Search code examples
data-structuresbig-ohashtable

Why is the Big-O complexity for Small Load Factor HashTables O(1)?


I'm having trouble understanding using the load factor for big-O analysis of Chained and Open-Addressing of HashTables.

From my understanding:

LoadFactor = (# of entries in HashTable)/(# of "slots" in HashTable) = (n/m)

Thus, the LoadFactor reflects how much of the HashTable is being utilized by data being entered into the HashTable.

For a Chained HashTable, the Worst-Case Time Complexity is O(n) because a non-uniform distribution of data with all elements hashed to the last slot in the HashTable reduces the problem to a search in a Linked List of size n.

For an Open-Addressed HashTable, the Worst-Case Time Complexity is O(n) because once again, a non-uniform distribution of data with all elements hashed to one hashCode will result in all elements being entered consecutively. Thus, the problem reduces to a search in an array of size n.

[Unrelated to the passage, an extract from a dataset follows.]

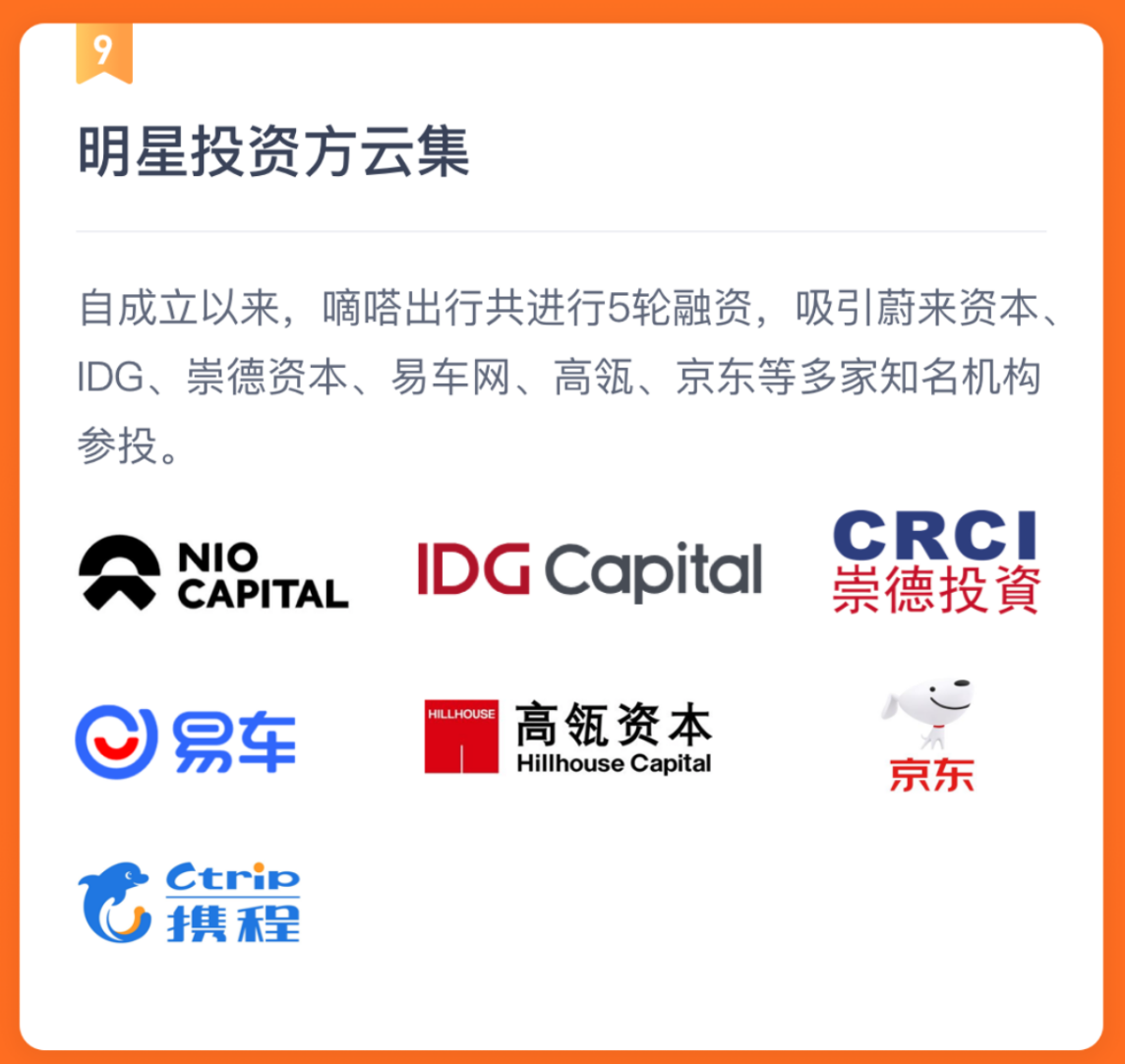 作為中國(guó)第二大順風(fēng)車平臺(tái),嘀嗒出行擁有豪華股東陣容,吸引多家知名投資機(jī)構(gòu)和企業(yè)參投,包括蔚來(lái)資本、IDG、CRCI、易車網(wǎng)、高瓴、京東及攜程等。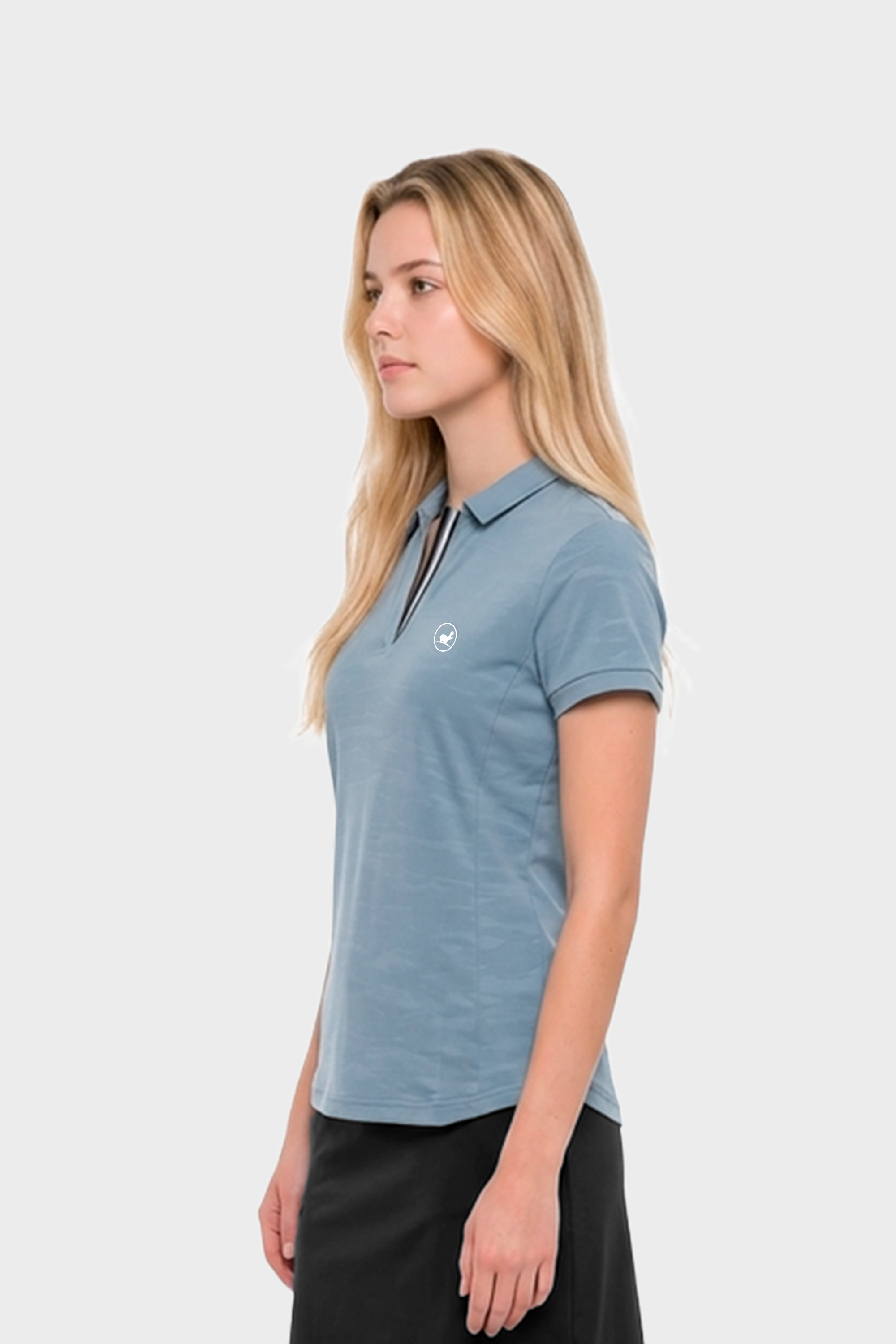 Elevate your style with the WBMaya Golf Polo Shirt in sky blue. The light textured design offers sophistication, while the striped rib placket detailing add a touch of elegance. Made with lightweight fabric for all-day comfort and breathability for the golfplaying lady.

For the worst-case scenarios, I assumed n>m.

Now for a small load factor, both the Chained and Open-Addressed HashTables will yield an O(1).

I fail to see the distinction between the n>m and n

Why is this the case?


Solution

  • When n is much smaller than m (the number of buckets), then it's likely that every key has hashed to a unique bucket. As n increases, the likelihood of a collision (two keys hashing to the same bucket) increases. When n > m, then by the Pigeonhole principle, it's guaranteed that at least two keys will hash to the same value.

    So when n is much smaller than m, the likelihood of collision is smaller, so the expected lookup time is O(1). As the number of items grows, you spend more time resolving collisions.

    Empirical evidence suggests that you don't want your load factor to exceed 0.75. Probably closer to 0.70. When n > 0.70*m, the hash table becomes hugely inefficient. The actual number varies depending on your data, of course, but that's a good rule of thumb.

    The Birthday problem shows how the collision rate increases as n approaches m. The likelihood of encountering a single collision is close to 50% when you have inserted the square root of the number of items in the table. If you were to create a hash table of size 365 and start inserting items, your chances of seeing a hash collision is higher than 50% when you insert just 25 items. (That's assuming a good hashing function. A poor hashing function will increase your likelihood of collision overall.)